Exercise directions: Copy out the listing below exactly, please, and skip any pictures.

Data provided:

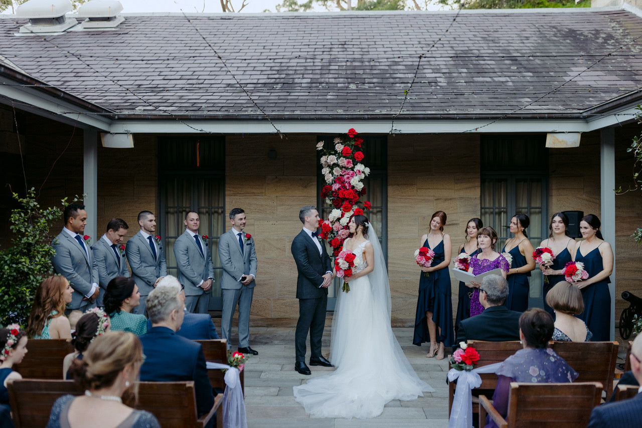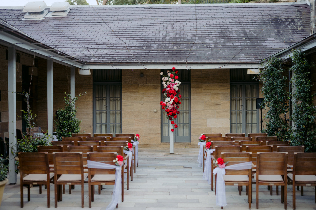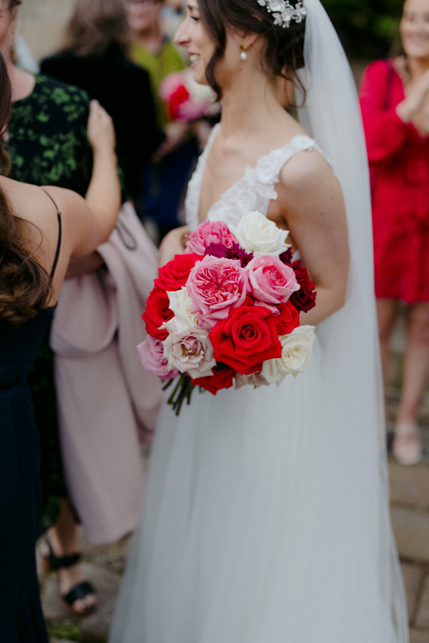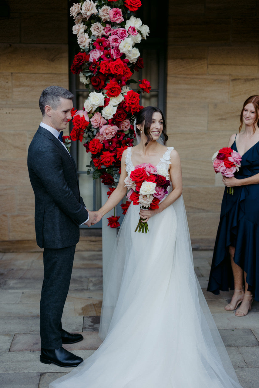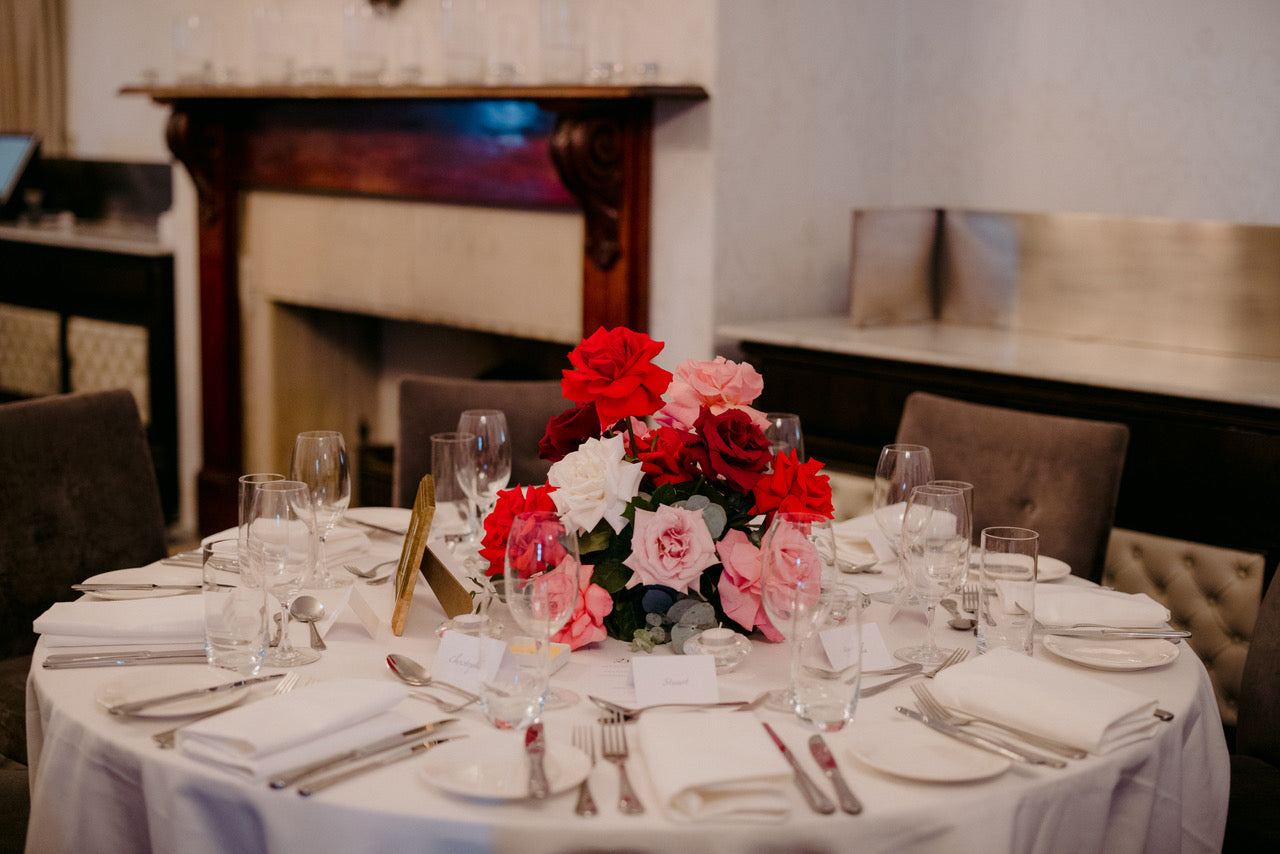 Different shades of Reds and Pinks with accent on the vibrant reds, we chose Nina Rose as the feature flowers. Mixing with red Tulips, Hermosa roses, and to incorporate pops of pastel colours like Quicksand Playa blanca roses, this wedding is hot, hot, hot!
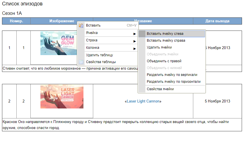 Если после добавления таблицы в неё потребуется какие-либо изменения, достаточно нажать на неё правой кнопкой мыши и во всплывающем окне выбрать необходимую опцию (можно работать с ячейками, строками и столбцами; также можно изменить ранее описанные свойства таблицы, а в случае необходимости — и вовсе удалить её).
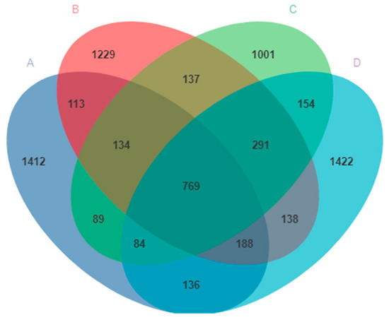 The V3–V4 region of the 16S rDNA genes was sequenced from the pigeon milk collected from all four groups. A total of 1,670,381 sequences were obtained. After sequencing, errors were removed and chimeric filtering performed, so that 999,936 sequences remained. A total of 8140 OTUs were then obtained and annotated at the domain level, according to 99% sequence similarity. The exact numbers of OTUs obtained were 1412, 1229, 1001, and 1422 for Group A, Group B, Group C, and Group D, respectively (Figure 2). There were 769 OTUs common to all four groups, and the number of OTUs in group D was higher than that in any other groups (Figure 2).
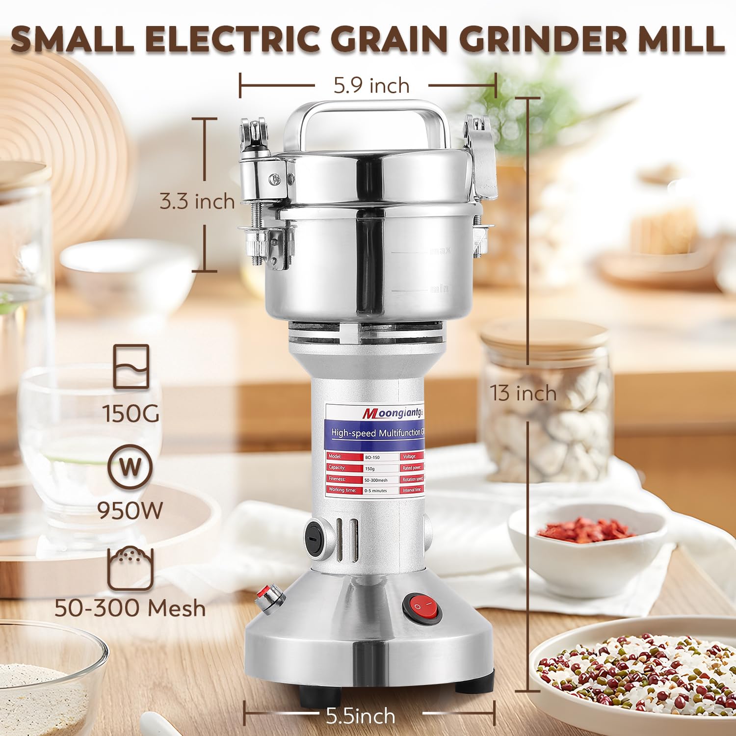 Moongiantgo Electric Grain Mill 150g, 950W Spice Grinder made of 430 Stainless Steel Commercial Powder Machine High Speed Mill for Grains, Spices, Herbs, Coffee, Corn with Overload Protection
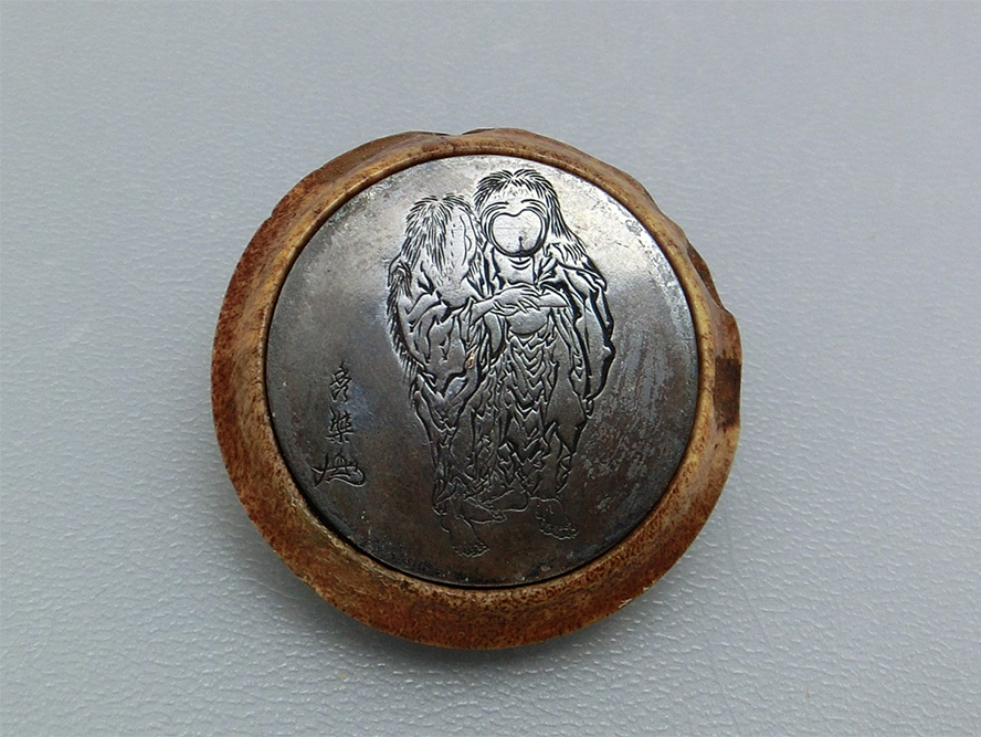 「萬福和合神時代鏡蓋根付」 銘 秀楽 四分一、鹿角 江戸後期(19世紀)
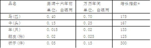 从上表可知,到万历年间,马市商税税率,最多的要比嘉靖十六年前增加三倍。此外,明朝政府的官吏在马市贸易中还要“强抑市价”[35],使女真族倍受经济损失。如弘治十二年,“广宁、开原、抚顺三马市,每遇夷人持马,貂诸物来市,被势家镇守等官纵令头目仆从减价贱市,十偿三四,夷人受其挫勒,扦阅积久,怀怨殊深,往往犯边”[36]。明朝官吏对女真族的掠夺,曾迫使他们多次起兵反抗,但结果往往遭到明朝官兵的镇压。万历四十六年(1618年),女真族后金国汗努尔哈赤率兵攻明之前,发布“七大恨”以誓师。在“七大恨”中,努尔哈赤针对明朝辽东官兵横行马市,勒买人参,强征貂皮的掠夺行经,义正辞严地指出:“文武边官,欺诳壅蔽,无怀柔之方略,有势力之机权;势不使尽不休.利不括尽不已,苦害侵凌,于态莫状”[37].所以,封建专制主义国家政权对民族贸易的蛮横干预,是阻碍民族贸易发展的羁绊。
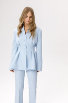 Текстильный приталенный жакет с отлетными деталями по талии.
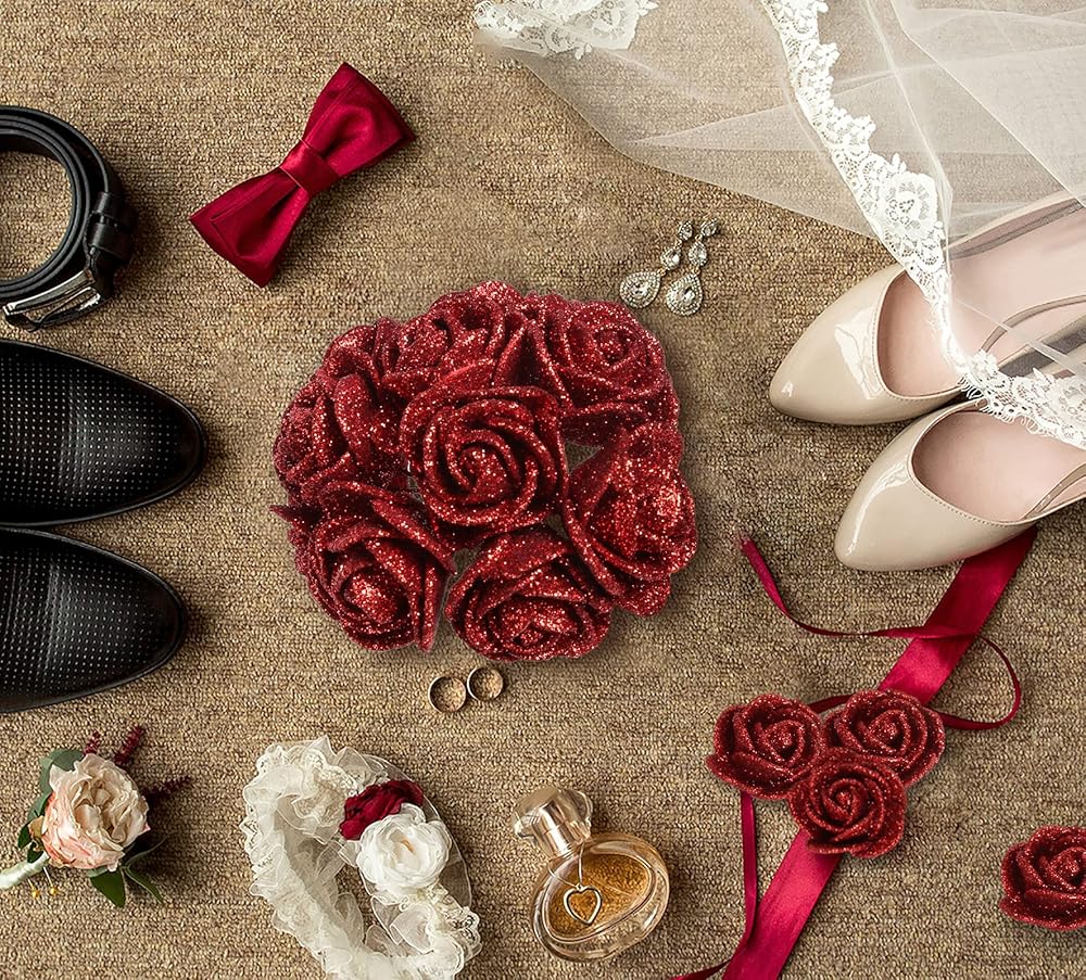 Material:Artificial roses are made of PE foam material, roses are covered with glitter, glitter powder material let it brighter,shining.A moderate amount of glitter falling is normal and will not affect the beauty of the flowers
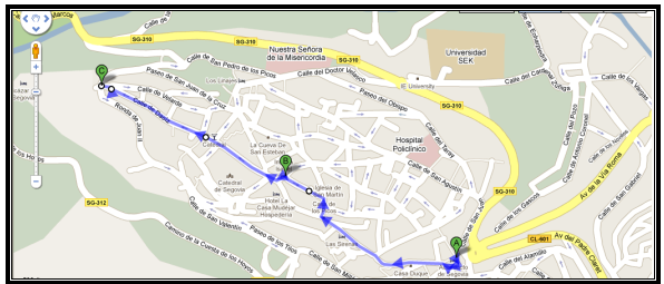 The tourist office in this Plaza (on the right-hand side with the Aqueduct at your back) has lovely pictorial maps for a small charge if anyone in your group is interested. If you are stopping for lunch, there are good lunch places around the Plaza del Azoguejo. Give your group time for lunch and the meet again in the Plaza.
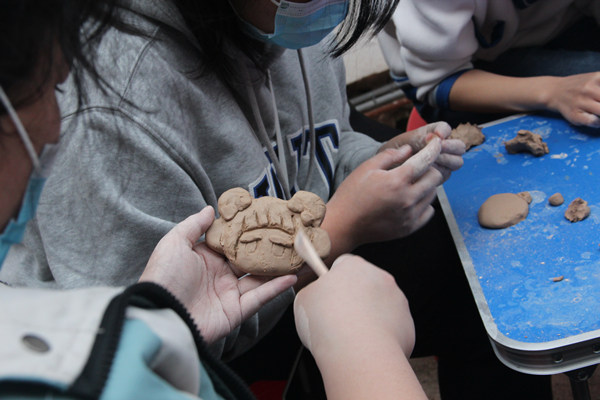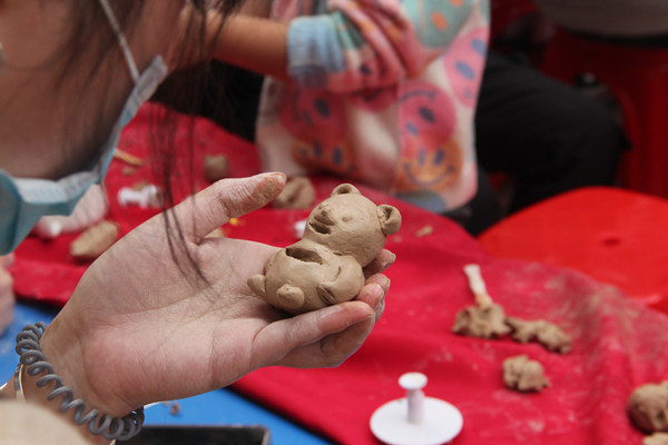 蔡國海老師以創(chuàng)作駿馬系列而聞名,所塑駿馬惟妙惟肖、精美絕倫。因此,在DIY創(chuàng)作體驗活動上,蔡國海老師現(xiàn)場雕飾了一件瓷馬作品,引得眾人圍觀稱嘆。學(xué)生們不僅感受到老師精湛的雕塑工藝,也激發(fā)了他們的創(chuàng)作熱情。他們用泥巴天馬行空地創(chuàng)作了各式各樣的泥塑作品,體驗了一把泥巴的魅力和創(chuàng)作的樂趣。
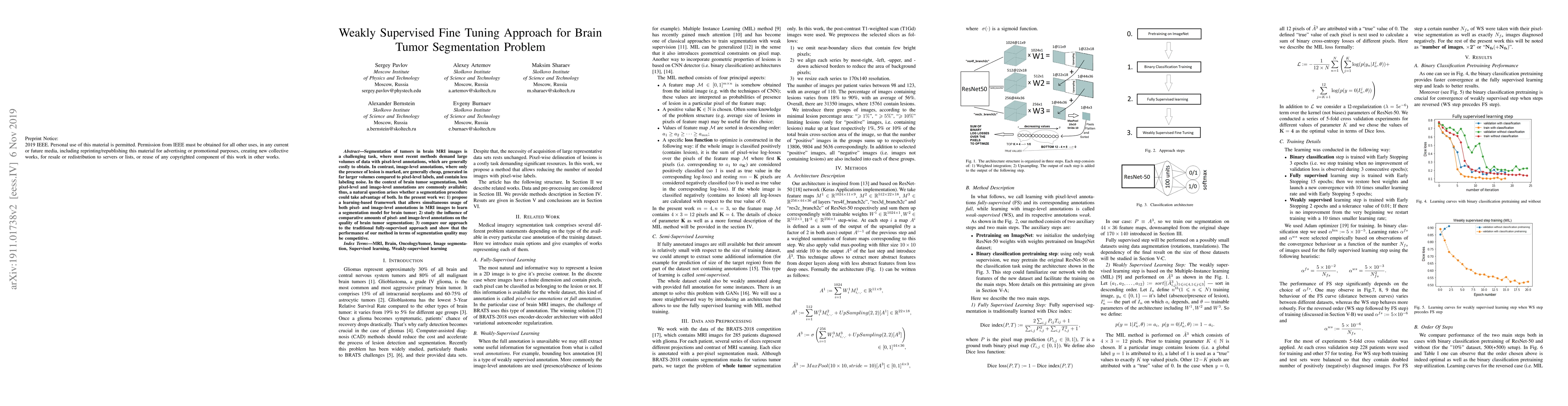 Segmentation of tumors in brain MRI images is a challenging task, where most recent methods demand large volumes of data with pixel-level annotations, which are generally costly to obtain. In contrast, image-level annotations, where only the presence of lesion is marked, are generally cheap, generated in far larger volumes compared to pixel-level labels, and contain less labeling noise. In the context of brain tumor segmentation, both pixel-level and image-level annotations are commonly available; thus, a natural question arises whether a segmentation procedure could take advantage of both. In the present work we: 1) propose a learning-based framework that allows simultaneous usage of both pixel- and image-level annotations in MRI images to learn a segmentation model for brain tumor; 2) study the influence of comparative amounts of pixel- and image-level annotations on the quality of brain tumor segmentation; 3) compare our approach to the traditional fully-supervised approach and show that the performance of our method in terms of segmentation quality may be competitive.

Answer box:
 Different shades of Reds and Pinks with accent on the vibrant reds, we chose Nina Rose as the feature flowers. Mixing with red Tulips, Hermosa roses, and to incorporate pops of pastel colours like Quicksand Playa blanca roses, this wedding is hot, hot, hot!
 Если после добавления таблицы в неё потребуется какие-либо изменения, достаточно нажать на неё правой кнопкой мыши и во всплывающем окне выбрать необходимую опцию (можно работать с ячейками, строками и столбцами; также можно изменить ранее описанные свойства таблицы, а в случае необходимости — и вовсе удалить её).
 The V3–V4 region of the 16S rDNA genes was sequenced from the pigeon milk collected from all four groups. A total of 1,670,381 sequences were obtained. After sequencing, errors were removed and chimeric filtering performed, so that 999,936 sequences remained. A total of 8140 OTUs were then obtained and annotated at the domain level, according to 99% sequence similarity. The exact numbers of OTUs obtained were 1412, 1229, 1001, and 1422 for Group A, Group B, Group C, and Group D, respectively (Figure 2). There were 769 OTUs common to all four groups, and the number of OTUs in group D was higher than that in any other groups (Figure 2).
 Moongiantgo Electric Grain Mill 150g, 950W Spice Grinder made of 430 Stainless Steel Commercial Powder Machine High Speed Mill for Grains, Spices, Herbs, Coffee, Corn with Overload Protection
 「萬福和合神時代鏡蓋根付」 銘 秀楽 四分一、鹿角 江戸後期(19世紀)
 从上表可知,到万历年间,马市商税税率,最多的要比嘉靖十六年前增加三倍。此外,明朝政府的官吏在马市贸易中还要“强抑市价”[35],使女真族倍受经济损失。如弘治十二年,“广宁、开原、抚顺三马市,每遇夷人持马,貂诸物来市,被势家镇守等官纵令头目仆从减价贱市,十偿三四,夷人受其挫勒,扦阅积久,怀怨殊深,往往犯边”[36]。明朝官吏对女真族的掠夺,曾迫使他们多次起兵反抗,但结果往往遭到明朝官兵的镇压。万历四十六年(1618年),女真族后金国汗努尔哈赤率兵攻明之前,发布“七大恨”以誓师。在“七大恨”中,努尔哈赤针对明朝辽东官兵横行马市,勒买人参,强征貂皮的掠夺行经,义正辞严地指出:“文武边官,欺诳壅蔽,无怀柔之方略,有势力之机权;势不使尽不休.利不括尽不已,苦害侵凌,于态莫状”[37].所以,封建专制主义国家政权对民族贸易的蛮横干预,是阻碍民族贸易发展的羁绊。
 Текстильный приталенный жакет с отлетными деталями по талии.
 Material:Artificial roses are made of PE foam material, roses are covered with glitter, glitter powder material let it brighter,shining.A moderate amount of glitter falling is normal and will not affect the beauty of the flowers
 The tourist office in this Plaza (on the right-hand side with the Aqueduct at your back) has lovely pictorial maps for a small charge if anyone in your group is interested. If you are stopping for lunch, there are good lunch places around the Plaza del Azoguejo. Give your group time for lunch and the meet again in the Plaza.
 蔡國海老師以創(chuàng)作駿馬系列而聞名,所塑駿馬惟妙惟肖、精美絕倫。因此,在DIY創(chuàng)作體驗活動上,蔡國海老師現(xiàn)場雕飾了一件瓷馬作品,引得眾人圍觀稱嘆。學(xué)生們不僅感受到老師精湛的雕塑工藝,也激發(fā)了他們的創(chuàng)作熱情。他們用泥巴天馬行空地創(chuàng)作了各式各樣的泥塑作品,體驗了一把泥巴的魅力和創(chuàng)作的樂趣。
 Segmentation of tumors in brain MRI images is a challenging task, where most recent methods demand large volumes of data with pixel-level annotations, which are generally costly to obtain. In contrast, image-level annotations, where only the presence of lesion is marked, are generally cheap, generated in far larger volumes compared to pixel-level labels, and contain less labeling noise. In the context of brain tumor segmentation, both pixel-level and image-level annotations are commonly available; thus, a natural question arises whether a segmentation procedure could take advantage of both. In the present work we: 1) propose a learning-based framework that allows simultaneous usage of both pixel- and image-level annotations in MRI images to learn a segmentation model for brain tumor; 2) study the influence of comparative amounts of pixel- and image-level annotations on the quality of brain tumor segmentation; 3) compare our approach to the traditional fully-supervised approach and show that the performance of our method in terms of segmentation quality may be competitive.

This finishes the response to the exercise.